Of most interest to the visiting VIPs was the use of amphibious tanks. Specially designed for the invasion, they were
regarded as vital if troops were to successfully fight their way off the beaches. But it was only just weeks before D-Day that
they were ready to be tested in a full-scale exercise. In theory the operation of amphibious tanks was straight-forward, but
in practice the sea is unpredictable and accidents were bound to happen. On one of the exercises six tanks were sunk in
bad weather, and six men drowned. A plaque just outside Fort Henry commemorates their loss. Hard lessons were
learned through these exercises, without which D-Day could have been a disaster.
From Fort Henry, head south retracing the South West Coast Path passing Studland village
towards Handfast Point, admire Old Harry’s Rocks which stand at the tip of the chalk headland.
Continue on through Old Nick’s Ground to Ballard Point, and head down into Swanage Bay, to reach
the seaside town of Swanage where we complete our 5 Day hike.
Swanage
During the first half of 1944, Dorset would play host to thousands of Allied forces massing on the South Coast, preparing
for D-Day. The seaside town of Swanage became home to some of the men who would lead the attack on the beaches of
France, including the American 1st Division. For months fresh-faced Americans waited, trained and enjoyed themselves in
this quaint British town. Many were billeted at the Grand Hotel.

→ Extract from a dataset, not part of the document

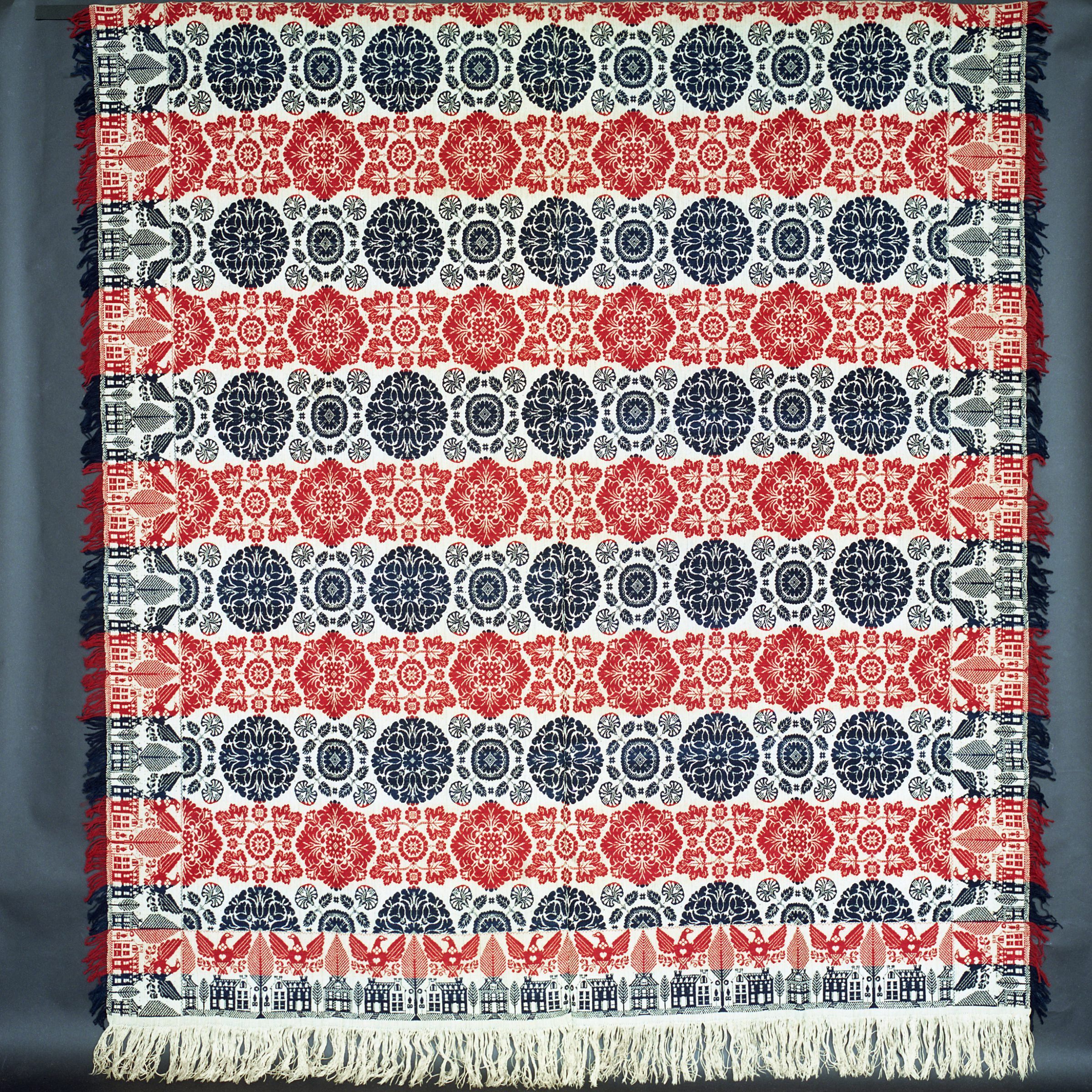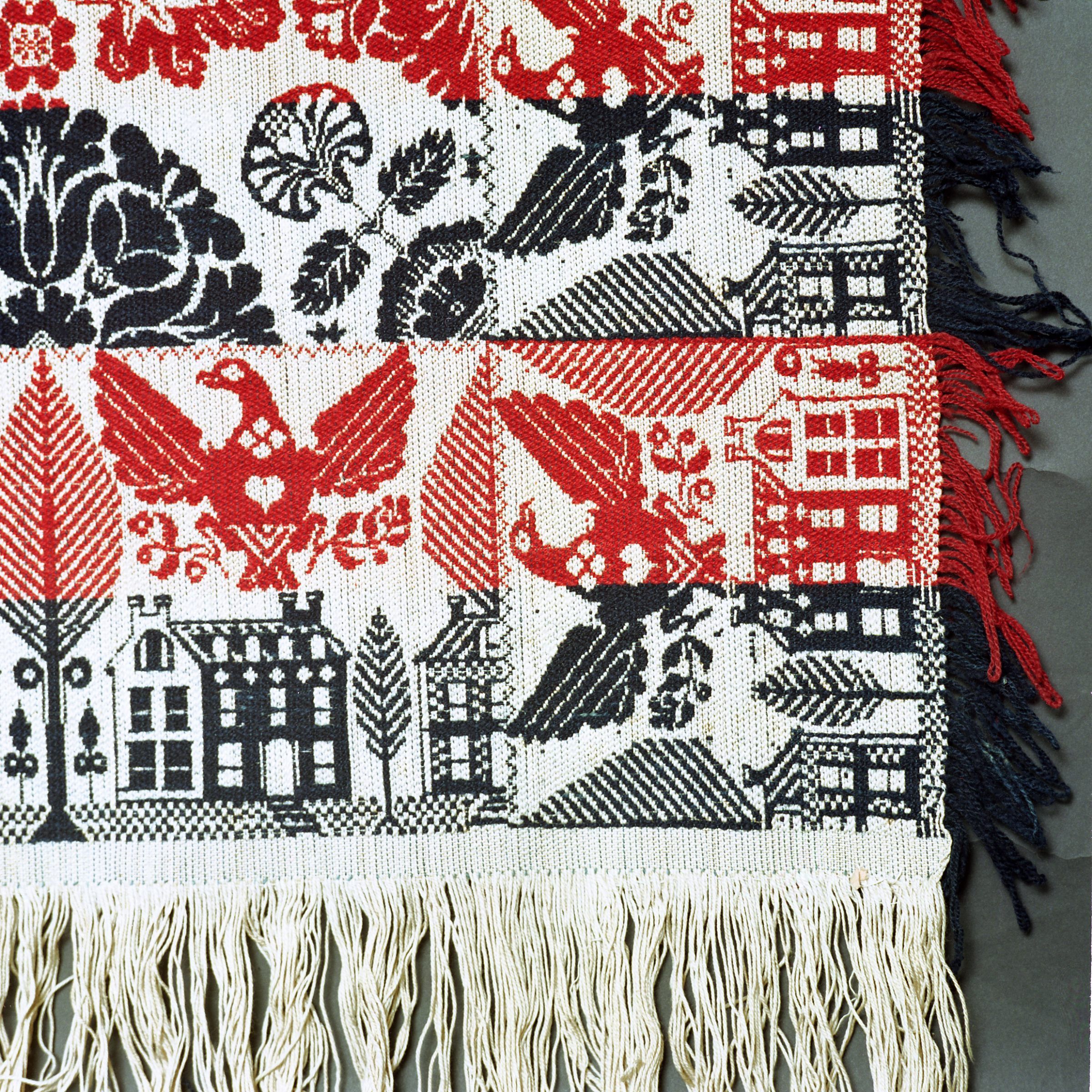 Beiderwand; navy, red, natural; two loom widths joined; fringe and border on 3 sides; border of two story buildings, eagles with hearts and trees that look like leaves, no corner blocks; centerfield of rows of floral medallions, strips of colorCollection

But on 6 June, D-Day itself, the partying came to an abrupt stop. The American 1st Division landed on the most heavily
defended beach of all, Omaha. The American’s suffered horrific losses, around 2,000 casualties on Omaha in just that one
day. But the allied forces who valiantly fought that day and over the following weeks changed the course of the war and
will be remembered forever in the hearts of the people of Dorset.